Author: levicki.i@sezampro.yu
Date: Tue, 13 Nov 2007 11:03:07 CST
Raw View
On Nov 12, 10:10 pm, Mathias Gaunard <loufo...@gmail.com> wrote:
> On Nov 7, 5:17 pm, Martin Bonner <martinfro...@yahoo.co.uk> wrote:
>
> > Could you give more details please.  The alignment of a type must be
> > <= sizeof the type.  What types on Mac have an alignment of 16?  (NB.
> > I don't doubt your statement; I am just curious as to what reasonable
> > implementations may do.)
>
> It's just that the stack is 16-byte aligned, which is quite unrelated.

This is not true. Stack may be or may be not aligned, it doesn't
matter.

Problem lies with vector types both on Mac and on PC and Playstation 3
also comes to mind.

*** C++ standard is terribly outdated ***

Not having an operator new which returns _aligned_ memory seriously
hampers SIMD use in C++.

What should one do with this code?

class foo
{
public:
 __m128 vec;
 ...
 foo(void)
 {
  vec = _mm_setzero_ps();
 }
};

foo *p = new [](10);

C++ regulatory body is obviously sitting with their collective thumbs
up their arses instead of listening to developers and their needs.

Not only that, compiler vendors are not able to provide workarounds
for such issues because that would break the standard which btw is
already broken.

Let me touch on stack alignment when you mentioned it:

There is a compiler option to force stack alignment on every
function entry to a given value. Problem is in the standard again,
if you force say 16-byte alignment:

void somefunc(void)
{
 char buf[32]; // sure, this will be aligned to 16 bytes
 ...
 for (int i = 0; i < 32; i++) {
  char foo[32]; // but this won't!
  __declspec(align(16)) char bar[32]; // unless you add explicit
alignment directive
 }
}

Then what is the point of having forced alignment if you are not
consistent? For every performance conscious developer those
things just suck.

---
[ comp.std.c++ is moderated.  To submit articles, try just posting with ]
[ your news-reader.  If that fails, use mailto:std-c++@ncar.ucar.edu    ]
[              --- Please see the FAQ before posting. ---               ]
[ FAQ: http://www.comeaucomputing.com/csc/faq.html                      ]





Author: Martin Bonner <martinfrompi@yahoo.co.uk>
Date: Fri, 16 Nov 2007 09:45:06 CST
Raw View
On Nov 13, 5:03 pm, levick...@sezampro.yu wrote:
> Problem lies with vector types both on Mac and on PC and Playstation 3
> also comes to mind.
>
> *** C++ standard is terribly outdated ***
>
> Not having an operator new which returns _aligned_ memory seriously
> hampers SIMD use in C++.

There's nothing in the C++ standard which prevents the implementation
from returning memory aligned for SIMD use.  If the implementation
chooses not to do that, complain to your compiler vendor.

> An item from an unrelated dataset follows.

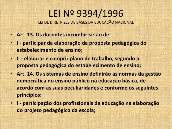 4. 5. LEI Nº 9394/1996 LEI DE DIRETRIZES DE BASES DA EDUCAÇÃO NACIONAL <ul><li>Art. 13. Os docentes incumbir-se-ão de: </li></ul><ul><li>I - participar da elaboração da proposta pedagógica do estabelecimento de ensino; </li></ul><ul><li>II - elaborar e cumprir plano de trabalho, segundo a proposta pedagógica do estabelecimento de ensino; </li></ul><ul><li>Art. 14. Os sistemas de ensino definirão as normas da gestão democrática do ensino público na educação básica, de acordo com as suas peculiaridades e conforme os seguintes princípios: </li></ul><ul><li>I - participação dos profissionais da educação na elaboração do projeto pedagógico da escola; </li></ul>

> What should one do with this code?
>
> class foo
> {
> public:
>         __m128  vec;
>         ...
>         foo(void)
>         {
>                 vec = _mm_setzero_ps();
>         }
>
> };
>
> foo *p = new [](10);
>
I don't know.  At the trivial level, I presume you meant:
   foo *p = new foo[10];
At the deeper level, you have to see what your compiler vendor
provides.

> C++ regulatory body is obviously sitting with their collective thumbs
> up their arses instead of listening to developers and their needs.

The C++ standards committee is composed of volunteers who PAY to take
part.  They /do/ listen to developers, but different developers have
different needs.  Maybe a coherent proposal a few years ago would have
made it to C++0X, but I fear it is too late now.

> Not only that, compiler vendors are not able to provide workarounds
> for such issues because that would break the standard which btw is
> already broken.
Why would it break the standard?  As I said above, there's nothing to
stop new returning 16-byte aligned memory.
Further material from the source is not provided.